EL CORONEL SIEMPRE TENDRÁ QUIEN LE ESCRIBA, Juan Manuel Roca

El coronel siempretendrá quien le escriba
Juan Manuel Roca

Raras veces en el país aparecen escritores como Gabriel García Márquez, de tan clara coherencia entre lafidelidad a una vocación y la grandeza de una obra. Nunca fue un hombre postergado; desde que sintió su pasión por la literatura y el periodismo se volcó en ellos sin cuartel, en las duras y las maduras, e hizo migrar sus lenguajes de un género a otro. Su futuro de escritor siempre fue un hoy, una suma de futuros ya cumplidos. Porque una y otra vez empezaba de cero frente al papel en blanco.
Son inmensos sus logros. En relación al país no es poca cosa: lo puso como nadie en el mapa de la literatura universal. Su legado a los escritores resulta inobjetable: la constancia como divisa, la obsesión como guía, el riesgo asumido.

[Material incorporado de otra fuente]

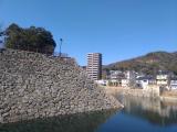 観光協会でスタンプ。三原駅直結の天守台跡に上がった後、堀の周りをまわる。 |

Para mí su mayor conquista pertenece a una verdad reiterada: su ennoblecimiento de la cotidianidad por vías de la poesía, su traducción en imágenes de un país que no han dejado ser, su destreza para crear atmósferas desde el cuento, la novela, las crónicas y reportajes y para reinventar con bríos algo ya inventado, el realismo mágico.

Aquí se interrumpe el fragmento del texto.